The point of calling the Doctor “∂³Î£x²” is that his name is unpronounceable to humans. If one read the formula off the page it would be something like “derivative cubed sigma ex squared"; but presumably the signs have a Galifreyan meaning distinct from human algebra. In the Three Doctors (also written by Bob Baker and Dave Martin) one of the Founding Fathers of the Time Lords is referred to by the single Greek letter Omega. In other stories, Time Lords have titles like the Doctor (the Master, the Monk, the Valeyard) or what appear to be straightforward forenames  (Borusa, Morbius, Romanadvoratrelundar.) 

Now, in Armageddon Factor, the Doctor encounters Drax, a Time Lord (or at any rate Gallifreyan) technician who he knew as a student. We aren’t specifically told that they attended the Time Lord Academy: simply that they were on a  “tech course” together. [1] Very interestingly, Drax refers to the Doctor by name. And the name he gives him consists of two Greek letters: Theta Sigma. The Doctor asks him to call him Doctor, but he persists in saying “Theet".

If Bob Baker and Dave Martin, like Mary-Jo Duffy, were working from the Making of Doctor Who they might have assumed that the ∂ was a Greek letter and wrongly guessed that it was a “theta”. Or they might have made up the Theta part. (There's a cursive form of theta which looks a lot like the partial derivative sign: so someone who had studied Greek but didn't use it much might mistake one for the other.)[2] There is no particular reason why "Θ Σ" couldn't be an ironic contraction of "∂³Î£x²": in the same way that Peggy is short for Margaret and Jack is short for John. In the Happiness Patrol, the Seventh Doctor states unequivocally that Theta Sigma was a college nick-name. 

This seems to be an example of canon-drift. A fact, detached from its original narrative context has become something which “everybody knows”. The whole point of Hulke and Dicks coinage of “derivative cubed sigma ex squared” was that it was a miraculous name; a name which underlined the pure alienness of the Time Lords. If the letters simply translated into sounds, then the Doctor might as well have been called “Deesexxx”. The idea of a Time Lord who presents as a South London Car Mechanic; and who trivially calls the Doctor “Theet” removes the very sense of otherness that the name was supposed to suggest. 

A contemporary letter-writer to the DWAS fanzine TARDIS said that revealing that the Doctor is called “Theeta Sigma” had exploded the last vestige of mystery from the character. Which is partly true: although the taboo of speaking the Doctor's name has largely been imagined by fans; and is rarely a plot point in the actual story. [3]
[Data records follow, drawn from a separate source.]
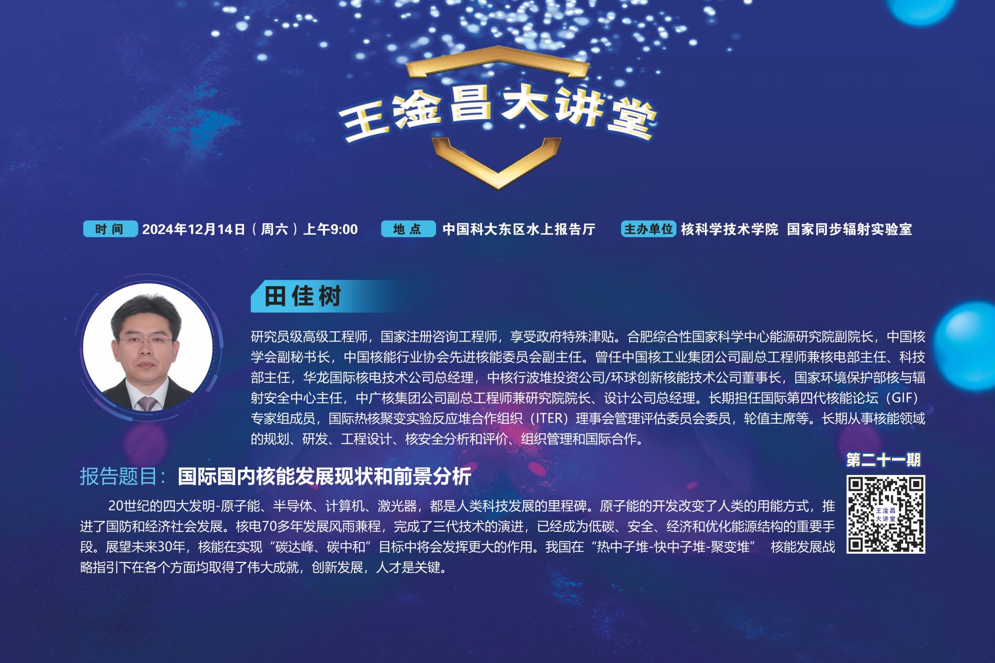 王淦昌大讲堂”为核科学技术学院、国家同步辐射实验室主办的系列报告会,本次大讲堂特邀合肥综合性国家科学中心能源研究院副院长,中国核学会副秘书长,中国核能行业协会先进核能委员会副主任田佳树研究员级高级工程师来我校做报告。
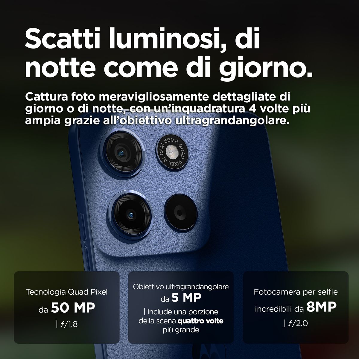 Motorola moto g15. Dimensioni diagonale schermo: 17,1 cm (6.72"), Risoluzione del display: 2400 x 1080 Pixel. Frequenza del processore: 2 GHz, Famiglia processore: MediaTek, Modello del processore: Helio G81 Extreme. Capacità della RAM: 8 GB, Tipo di RAM: LPDDR4X, Capacità memoria interna: 256 GB. Risoluzione fotocamera posteriore (numerico): 50 MP, Tipo di fotocamera posteriore: Doppia fotocamera. Capacità della scheda SIM: Doppia SIM. Sistema operativo incluso: Android 15. Capacità della batteria: 5200 mAh. Colore del prodotto: Blu marino. Peso: 190 g
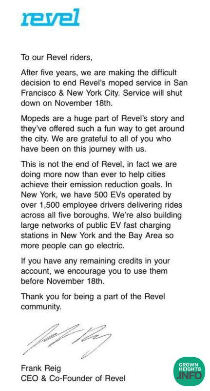 “Mopeds are a huge part of Revel’s story and they’ve offered such a fun way to get around the city,” Frank Reig, Revel’s CEO wrote in an email to Revelers.
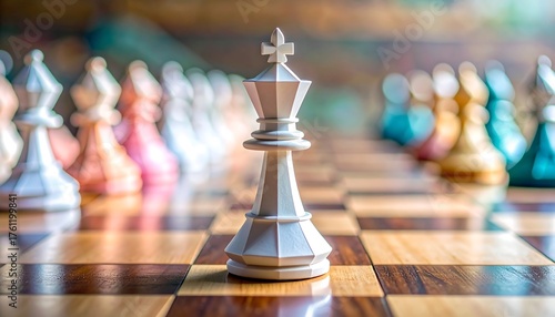 Focused chess king amidst a blurred array of other game pieces on a checkered board

Objectively, it is hard to see how knowing that the Doctor is called Theeta Signma spoils Doctor Who. Ribos Operation wasn’t ruined because we know that beyond the control room, the TARDIS is made of bricks and mortar. Face of Evil is not spoiled because the Time Lords turned out not to be quite as mysterious and omnipotent as we once thought. Destiny of the Daleks and Creature from the Pit would be the same stories if the Doctor's name had remained an ultimate mystery.

But this stuff does tell us something about the tone of the series and the style that Read and Williams and Adams are bringing to the show. To say “irreverence” implies that Doctor Who has a quality of holiness which deserves respect, which is obviously absurd. (This was very slightly before Life of Brian.) But it is quite true that the show has become more and more playful. Nothing is off limits; the present scene and the current one-liner are all that count, continuity and world-building be damned. The idea that the Doctor had a silly nick name at college--and that he is annoyed and embarrassed when an old mate uses it--is fun in the moment. But if you see it as making an irrevocable addition to the backstory, it's at best pointless and at worst destructive. 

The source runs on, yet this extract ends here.